The ranges of CC and RMSE for prediction results from 29 models with a lead time of 1 month are 0.4–0.7 and 40–80 cm for three dams. The prediction performances are low as the lead time increases in all three dams.
Three dams showed different prediction results for wet and dry seasons. Soyangriver and Daecheong dams have better accuracy in prediction for the wet season than the dry season, whereas the Andong dam has a high prediction ability during the dry season. Therefore, it is required to use the prediction results of dam inflow considering the seasonal performance of the models presented in this study.

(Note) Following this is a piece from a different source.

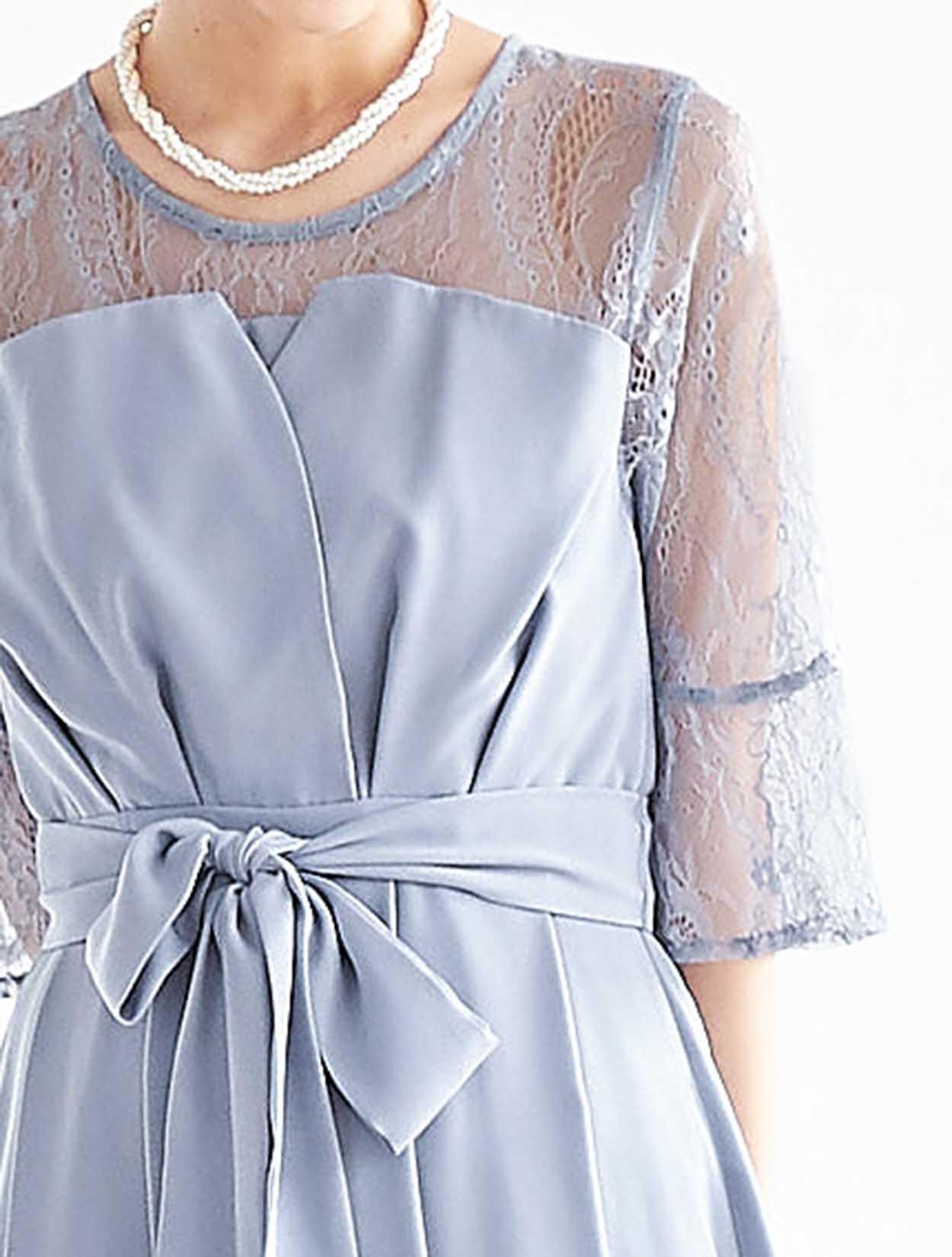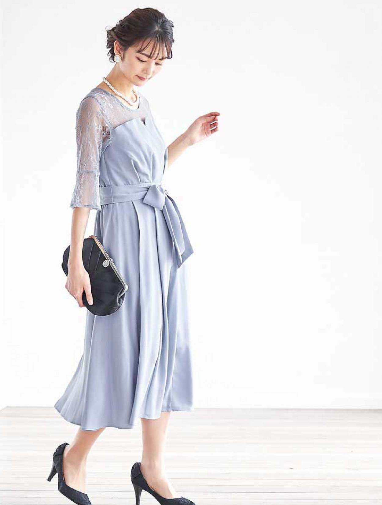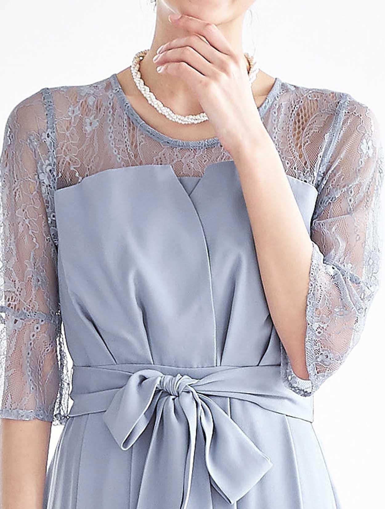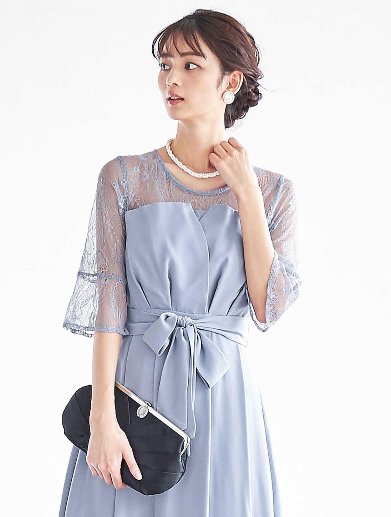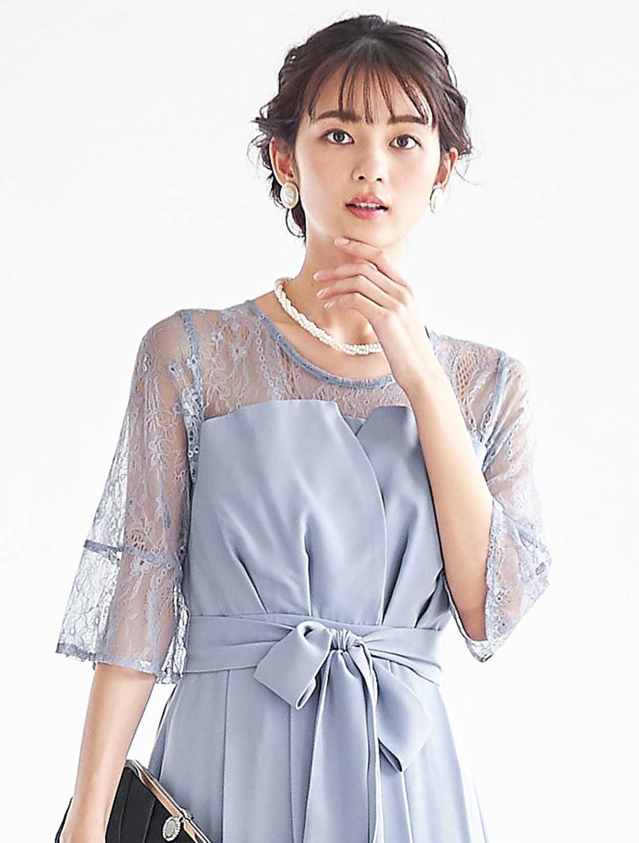 立体的なビスチェ風のデザインが目を引く人気ドレス。ウエストはリボンでキュッと絞れるので、メリハリが出てスタイルアップ効果抜群。デコルテから袖にかけて使われている繊細なレースは、女性らしい肌感を演出してくれます。トレンドの袖ありドレスは、結婚式でも羽織が不要。とろみのあるジョーゼット生地のスカートは、大きくプリーツをとって華やかなAラインスカートに。足首がしっかり見えるミモレ丈で、全体的にスッキリとまとまります。着崩れしないドレスなので、受付や代表スピーチをする方でも安心してご着用頂けます。

This study demonstrates that the LSTM model has sufficient abilities to predict the inflow of dams using large-scale climate indices in South Korea. Although the prediction performance may be slightly lower compared to when regional data are used, the model presented in this study has sufficient value to be used for regions with temporal and spatial limitations of ground-based observatories. Even though only one data-driven model and six climate indices were used in this study, we intend to apply other types of data-driven models and indices to improve the accuracy of hydrological prediction in the future.
ACKNOWLEDGEMENTS
This research was supported by the Basic Science Research Program through the National Research Foundation of Korea (NRF) funded by the Ministry of Education (Grant Number 2022R1A6A3A01086229).
AUTHOR CONTRIBUTION
All authors contributed to the study conception and design. H.H. and H.S.K. conceptualized the study; H.H., D.K., and W.W. prepared the methodology; wrote and prepared the original draft; H.H. and D.K. did formal analysis; H.H. and W.W. prepared the theoretical background and helped in visualization; H.S.K. wrote, reviewed, and edited the article. All authors read and approved the final manuscript.
DATA AVAILABILITY STATEMENT
Data cannot be made publicly available; readers should contact the corresponding author for details.
CONFLICT OF INTEREST
The authors declare there is no conflict.